Революционная смута, вспыхнувшая в столицах, быстро перешла в свою противоположность: она привела к крушению городов и разрушению городской культуры. Достаточно вспомнить улицы обезлюдевшего Петербурга, зарастающие травой, которой так опрометчиво восхитился Осип Мандельштам. Стократно описанные ужасы урбанистического выживания (ярчайший пример – «Пещера» и «Мамай» Замятина) заставляли не только «салонный сброд», но и мирных обывателей бежать либо за границу, либо в села и маленькие города, где жизнь была неизмеримо благополучней. Это время победы «Избы» и «Матери-сырой земли» над «Камнем» и «Железом» (их противопоставление – один из главных мотивов поэзии Клюева), святой крестьянской Руси – над молохом Империи.

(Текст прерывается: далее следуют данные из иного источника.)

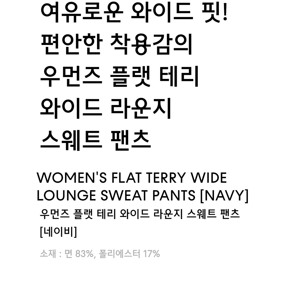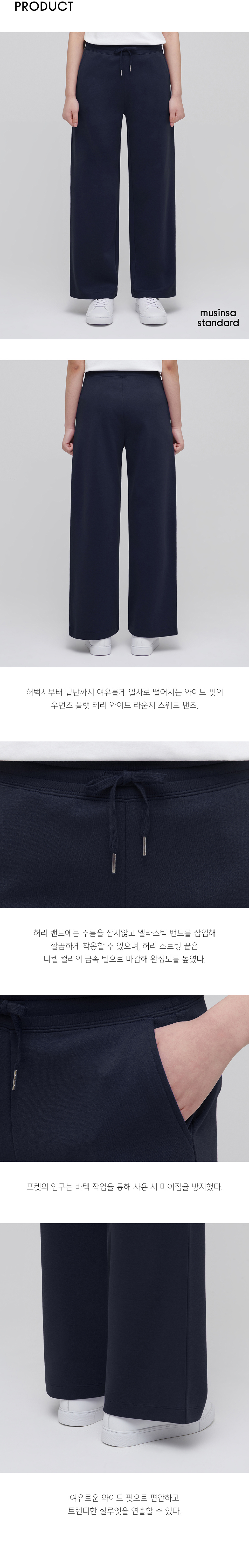 우먼즈 플랫 테리 와이드 라운지 스웨트 팬츠 [네이비]

Не вдаваясь в анализ этих начал, чье «противостояние» сыграло такую роль в русской истории, лишь замечу, что изначально смута возникла как раз вопреки тому, как это виделось почитаемому Клюевым горожанину Александру Блоку. Именно «святая Русь», «кондовая» и «избяная» пальнула в Россию городскую, каменную и европеизированную. Размашистая характеристика Шпенглера: Россия – это апокалиптический бунт против формы и культуры, – при всей своей односторонности в первом приближении достаточно точна. Именно в этом глубинный, а не эмпирический, сакральный, если угодно, герметический смысл русской революции. Это взрыв, выплеск подавляемого несколько столетий религиозного бессознательного, которое на поверхности может воплощаться подчас в совершенно фантастических, далеких от своей внутренней сущности формах. В развернутом виде эти же темы выражены и у такого вполне городского писателя как Борис Пильняк в романе «Голый год», о котором в свое время точно написал большевистский критик А. Воронский: «Мужики в освещении Пильняка за революцию потому, что она освободила их от городов, буржуев, чугунки; что вернула она Русь старую, допетровскую, настоящую, мужицкую, былинную, сказочную».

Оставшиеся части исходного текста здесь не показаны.